Mathys Ltd Bettlach
- Company type: Subsidiary
- Industry: Medical Technology
- Founded: 1946; 80 years ago
- Headquarters: Bettlach, canton of Solothurn, Switzerland
- Number of locations: 10
- Key people: Dr Benjamin Reinmann (CEO)
- Products: Joint replacement, biomaterial, sports medicine
- Revenue: 116 million Swiss Francs (2016)
- Number of employees: 562 (12/2016)
- Parent: Enovis
- Website: www.mathysmedical.com

= Mathys Medical =

Swiss medical technology company

Mathys Ltd Bettlach (formerly Mathys Medical), is a Swiss family business with headquarters in Bettlach, Switzerland. The company develops, produces and distributes implants for artificial joint replacement in the areas of hip, knee and shoulder as well as biomaterials for surgical treatment of bone defects (bone grafting) With an innovative implant for ACL healing, the family company also gained ground in the area of sport orthopaedics at the beginning of 2013.

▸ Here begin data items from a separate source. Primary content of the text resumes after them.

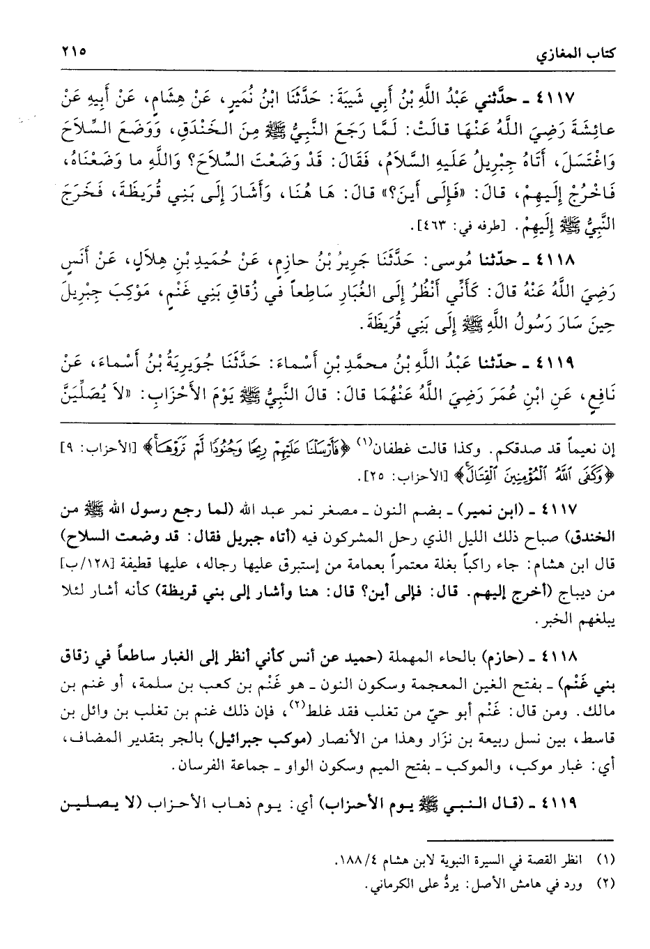 4118 - (حازم) بالحاء المهملة (حميد عن أنس كأني أنظر إلى الغبار ساطعًا في زقاق بني غَنْم) -بفتح الغين المعجمة وسكون النون- هو غَنْم بن كعب بن سلمة، أو غنم بن مالك. ومن قال: غَنْم أبو حيّ من تغلب فقد غلط، فإن ذلك غنم بن تغلب بن وائل بن قاسط، بين نسل ربيعة بن نزَار وهذا من الأنصار (موكب جبرائيل) بالجر بتقدير المضاف، أي: غبار موكب، والموكب -بفتح الميم وسكون الواو- جماعة الفرسان.
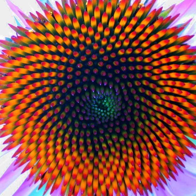 Romanesque Brocolli/Cauliflower (or Romanesco) looks and tastes like a cross between brocolli and cauliflower. Each floret is peaked and is am identical but smaller version of the whole thing and this makes the spirals easy to see.
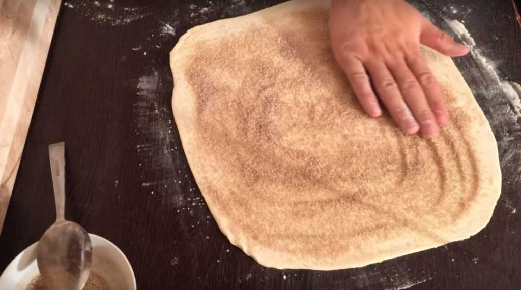 5. Слегка присыпьте рабочую зону мукой и положите туда тесто. Раскатайте песочное тесто при помощи скалки в пласт, на толщину пять миллиметров.
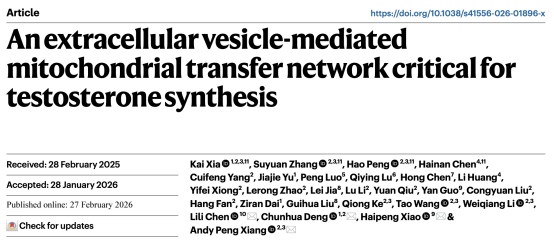 2026年2月27日,永利yl23411中山医学院项鹏教授团队,联合附属第一医院肖海鹏教授、邓春华教授、附属口腔医院陈莉莉教授团队,在国际权威期刊《Nature Cell Biology》发表了一项研究,首次揭开了这个谜底。他们发现,睾丸内存在一个由细胞外囊泡介导的、精妙的 “双向线粒体转移网络”。
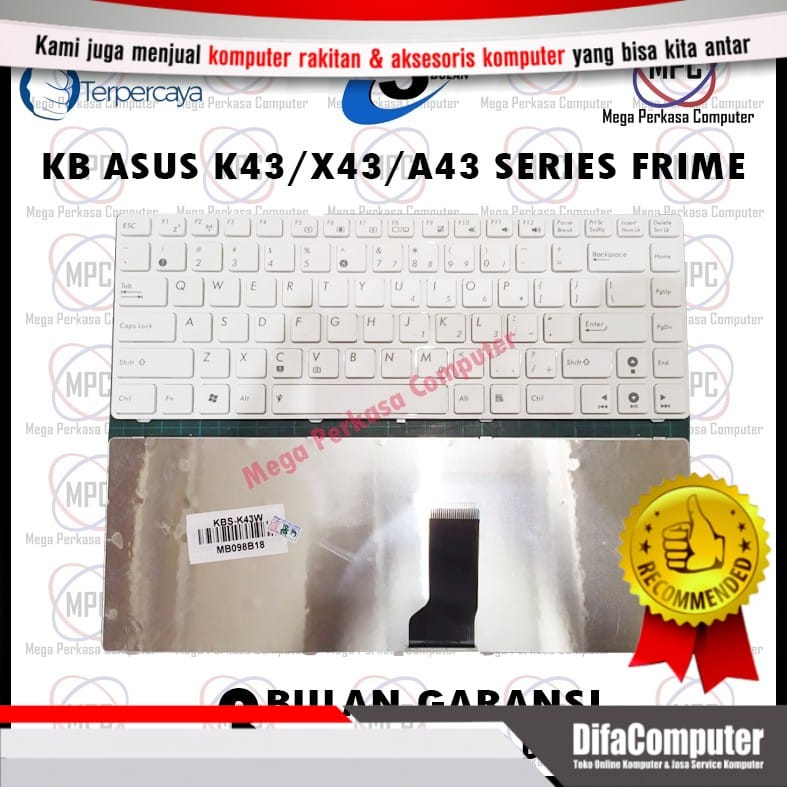 Keyboard Laptop Asus A42 A42f A42j A43 A43E A43J A43U K43 K43SJ Putih
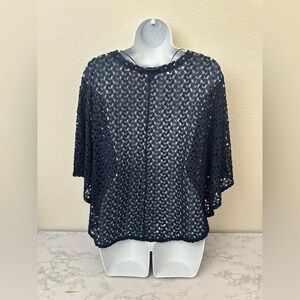 Style & Co Womens Top Blue Scoop Neck Peasant Blouse Sz XXL Crochet Sheer
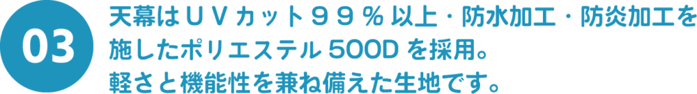 UVカット99%以上・防水加工・防炎加工を施したポリエステル500Dを採用。

Mathys employs over 560 workers, including in its ten subsidiaries Australia, Austria, Belgium, France, Germany, Italy, Japan, the Netherlands, New Zealand, Switzerland. With more than 30 local marketing partners, Mathys is represented all over the world.

Until 2021, the company was in possession of the families Mathys and Marzo. In June 2021, the company was acquired by ENOVIS, by the time of the acquisition still branded as DJOglobal, a subsidiary of Colfax Corp.’s.

==History==

Robert Mathys Senior founded his company in 1946, specializing in the development and production of machines, equipment and components of special stainless and acid-resistant steels.

In 1958, his way crosses the one of Prof. Dr. Maurice E. Mueller. Mathys begins to develop and produce implants and instruments for bone surgery and orthopaedics. Starting 1960, the first products for bone fracture treatment were merchandised after the guidelines of the Arbeitsgemeinschaft für Osteosynthesefragen (Association for the Study of Internal Fixation, AO/ASIF) under the name Synthes.

In 1963, the development of the first hip replacement begins; between 1967 and 1988, implants from Mathys are sold under the name Protek. In the 70s, the second generation is starting to be active in research and development and enters the family business.

In 1980, the independent non-profit organisation Dr. h.c. Robert Mathys Foundation is founded as a research institute and service laboratory.

In 1988, Sulzer Orthopaedics is taking over Protek; therefore Mathys develops and produces for Sulzer until 1996.

In the years 1996 and 1997, Mathys enters the market and sells his products for the first time under its own name Mathys Orthopaedics.

The family company acquires the German Keramed in 2002 and becomes the only orthopaedic producer worldwide developing and manufacturing its own ceramic. Until today, the Mathys ceramics production site is located in the German Moersdorf/Thueringen.

In 2003, Mathys consigns its osteosynthesis division to at that time Synthes-Stratec and focuses from now on exclusively on orthopaedics.
On November 1, 2003, today’s Mathys Ltd Bettlach is founded, build-up and expansion of its subsidiaries abroad starts.

With Livio Marzo as member of the board of directors, the third generation is entering the family business in 2008. In this year, a strategic alliance with the Italian Lima Lto-Pty is agreed upon.

In 2009, Mathys expands to Asia and opens offices in Shanghai, Hong Kong as well as Japan. In spite of the worldwide economic crisis, 47 new employees are hired in the first semester of 2009.

In 2012, enters the sports orthopaedics market

On January 31, 2013, a street is named after the company's founder Robert Mathys Senior: The Headquarters of the orthopaedic producer is now located at the Robert Mathys Strasse in Bettlach.

In 2014, Roger Mathys is elected to the Board of Directors as the second member of the 3rd generation.

In 2016, the subsidiary Italy is founded.

In 2021, the company was acquired by ENOVIS, by the time of the acquisition still branded as DJOglobal, a subsidiary of Colfax Corp.’s.

==Products==

Mathys Ltd Bettlach is concentrating exclusively on the development, production and distribution of products for artificial joint replacement. The main production site is Bettlach, Switzerland. Other production is in (Mörsdorf, Thuringia, Germany. The company’s performance includes as of now implants for hip, knee, and shoulder, as well as biomaterial and products for sports medicine:
In 2009, Mathys developed under the lead of a research group of the two Bernese hospitals Sonnenhof AG Bern and Inselspital a new method to treatment a newly ruptured anterior cruciate ligament. The implant named Ligamys allows in the ideal case a biological self healing and the preservation of an anterior cruciate ligament.